ALTHOUGH the principal drivers of the extremely dry weather pattern that dominated the latter months of 2019 have now mostly faded, there are still some unusual happenings with the long-term climate indicators that reduce the confidence level of any predictions for the coming months.
One reason is that the oceans around the continent (indeed around much of the world) are holding more heat (energy) than at any time in recorded history, and there is uncertainty on how this will play out in the immediate future.
Looking for analogous years in the past as a guide is impossible.
To consider some of these aspects, we might start with the Indian Ocean. Although the Indian Ocean dipole is back close to zero, its effects on Australian rainfall in the first four months of the year are minimal at the best of times, but its importance will return later in autumn.

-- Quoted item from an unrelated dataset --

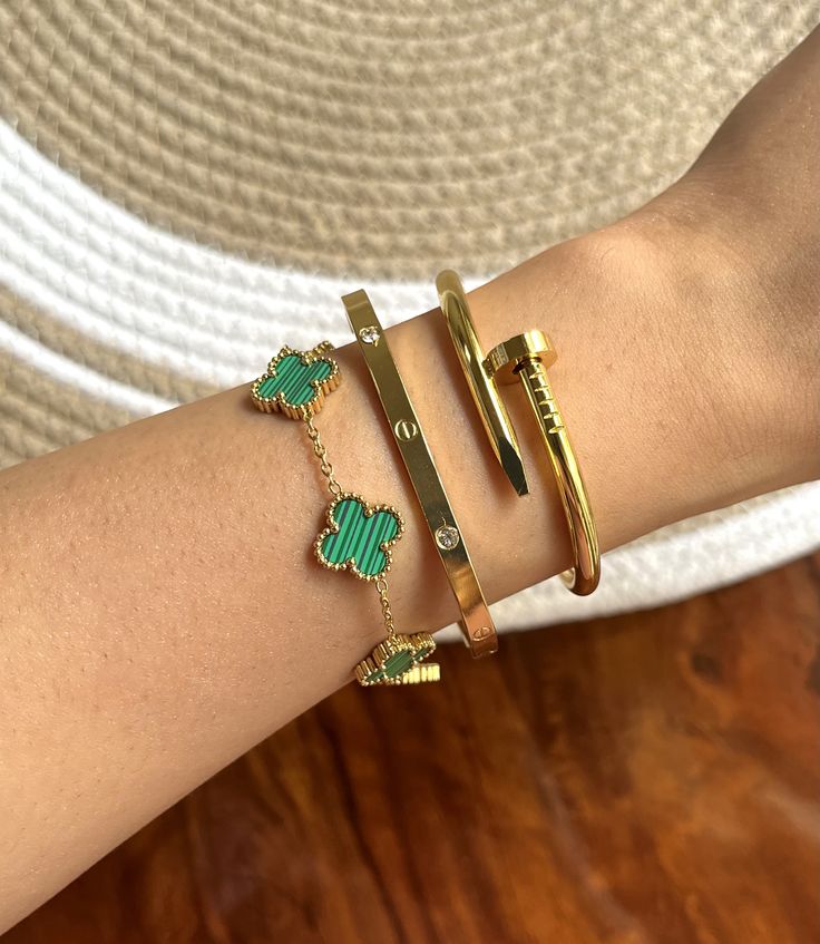 A perfect 3 bracelet set featuring a stylish Green Clover Bracelet, love band gold, Nail Gold Bracelet Stack them together or wear solo — ideal for daily wear or gifting.

Next, the pulses of tropical activity that circle the globe every 30 to 60 days, known as the Madden-Julian Oscillation, are important in the coming months.
A recent strong MJO has moved away to the east and as a result, more stable weather is favoured in the tropical part of the continent in the coming weeks.
The next pulse is not expected in the Australian region until mid-February, but this has the potential to change as the MJO can be variable.
Therefore as a long-term forecasting tool, it is not great.
Thirdly, the Southern Annular Mode refers to the north-south movement of the Southern Ocean westerlies.
Recently, a negative SAM has pushed the westerlies further north than normal at this time of year, bringing dry, hot conditions in NSW and Queensland. After briefly returning to zero, it is again slightly negative but - hopefully - this won't last long.
A positive SAM in February and March would be good news for eastern NSW and Queensland, but its fluctuations recently have been unusually inconsistent.
Finally, let's look at the Pacific Ocean.
The El Nino Southern Oscillation is the main indicator and this has been neutral for some months.
Neutrality is favoured to continue so this decreases its use as a predictor in months ahead.
The Southern Oscillation Index - a simple guide to how ENSO is performing - is neutral between -7 and +7.
Currently the SOI is around -5, so within range but towards the "drier" part of it.
So in summary, there remain no clear indicators either way for 2020, but the positive signs are the negative rainfall indicators all appear to be fading at this stage.
So, near average rainfall is favoured for a lot of the coming year.